Check out [Github release page](https://github.com/roapi/roapi/releases) for
pre-built binaries for each platform. Pre-built docker images are also available at
[ghcr.io/roapi/roapi](https://github.com/orgs/roapi/packages/container/package/roapi).

### Install from source

```bash
cargo install --locked --git https://github.com/roapi/roapi --branch main --bins roapi
```

## Usage

### Quick start

Spin up APIs for `test_data/uk_cities_with_headers.csv` and
`test_data/spacex_launches.json`:

```bash
roapi \
--table "uk_cities=test_data/uk_cities_with_headers.csv" \
--table "test_data/spacex_launches.json"
```

For windows, full scheme(file:// or filesystem://) must filled, and use double quote(") instead of single quote(') to escape windows cmdline limit:

```bash
roapi \
--table "uk_cities=file://d:/path/to/uk_cities_with_headers.csv" \
--table "file://d:/path/to/test_data/spacex_launches.json"
```

Or using docker:

```bash
docker run -t --rm -p 8080:8080 ghcr.io/roapi/roapi:latest --addr-http 0.0.0.0:8080 \
--table "uk_cities=test_data/uk_cities_with_headers.csv" \
--table "test_data/spacex_launches.json"
```

For MySQL and SQLite, use parameters like this.
```
--table "table_name=mysql://username:password@localhost:3306/database"
--table "table_name=sqlite://path/to/database"
```

Want dynamic register data? Add parameter `-d` to command. `--table` parameter cannot be ignored for now.
```bash
roapi \
--table "uk_cities=test_data/uk_cities_with_headers.csv" \
-d
```

Then post config to `/api/table` register data.
```bash
curl -X POST http://172.24.16.1:8080/api/table \
-H 'Content-Type: application/json' \
-d '[
{
"tableName": "uk_cities2",
"uri": "./test_data/uk_cities_with_headers.csv"
},
{
"tableName": "table_name",
"uri": "sqlite://path/to/database"
}
]'
```

Query tables using SQL, GraphQL or REST:

```bash
curl -X POST -d "SELECT city, lat, lng FROM uk_cities LIMIT 2" localhost:8080/api/sql
curl -X POST -d "query { uk_cities(limit: 2) {city, lat, lng} }" localhost:8080/api/graphql
curl "localhost:8080/api/tables/uk_cities?columns=city,lat,lng&limit=2"
```

Get inferred schema for all tables:

```bash
curl 'localhost:8080/api/schema'
```

### Config file

You can also configure multiple table sources using YAML or Toml config, which supports more
advanced format specific table options:

```yaml
addr:
http: 0.0.0.0:8084
postgres: 0.0.0.0:5433
tables:
- name: "blogs"
uri: "test_data/blogs.parquet"

- name: "ubuntu_ami"
uri: "test_data/ubuntu-ami.json"
option:
format: "json"
pointer: "/aaData"
array_encoded: true
schema:
columns:
- name: "zone"
data_type: "Utf8"
- name: "name"
data_type: "Utf8"
- name: "version"
data_type: "Utf8"
- name: "arch"
data_type: "Utf8"
- name: "instance_type"
data_type: "Utf8"
- name: "release"
data_type: "Utf8"
- name: "ami_id"
data_type: "Utf8"
- name: "aki_id"
data_type: "Utf8"

- name: "spacex_launches"
uri: "https://api.spacexdata.com/v4/launches"
option:
format: "json"

- name: "github_jobs"
uri: "https://web.archive.org/web/20210507025928if_/https://jobs.github.com/positions.json"
```

To run serve tables using config file:

```bash
roapi -c ./roapi.yml # or .toml
```

See [config
documentation](https://roapi.github.io/docs/config/config-file.html) for more
options including [using Google spreadsheet as a table
source](https://roapi.github.io/docs/config/dataset-formats/gsheet.html).

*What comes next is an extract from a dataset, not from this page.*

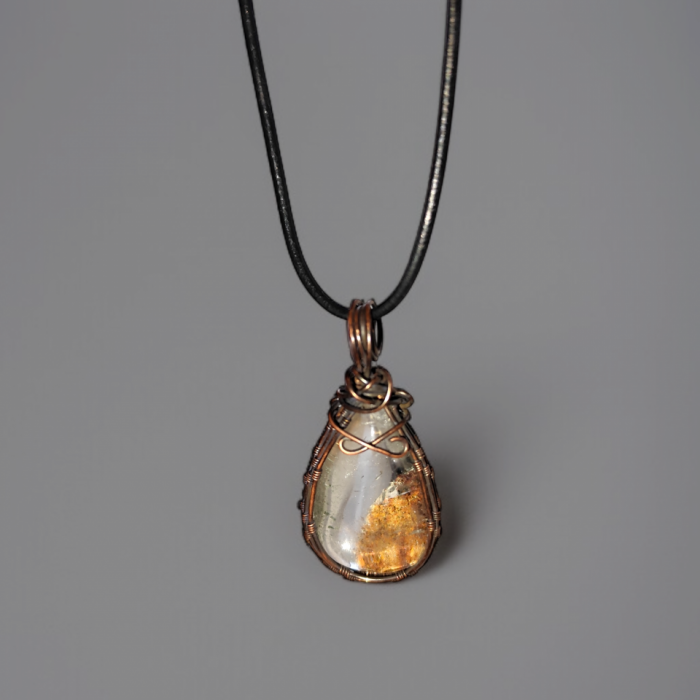 Odkryj unikalny wisiorek, który emanuje subtelną elegancją i potężną energią natury. Ten misternie wykonany ręcznie wisiorek łączy w sobie piękno fasetowanego kwarcu fantomowego z ciepłym blaskiem czystej miedzi. Każdy detal został starannie uformowany techniką wire wrapping, tworząc niepowtarzalną kompozycję, która zachwyca swoją formą i głębią.

### Response serialization

By default, ROAPI encodes responses in JSON format, but you can request
different encodings by specifying the `ACCEPT` header:

```bash
curl -X POST \
-H 'ACCEPT: application/vnd.apache.arrow.stream' \
-d "SELECT launch_library_id FROM spacex_launches WHERE launch_library_id IS NOT NULL" \
localhost:8080/api/sql
```

### REST API query interface

You can query tables through REST API by sending `GET` requests to
`/api/tables/{table_name}`. Query operators are specified as query params.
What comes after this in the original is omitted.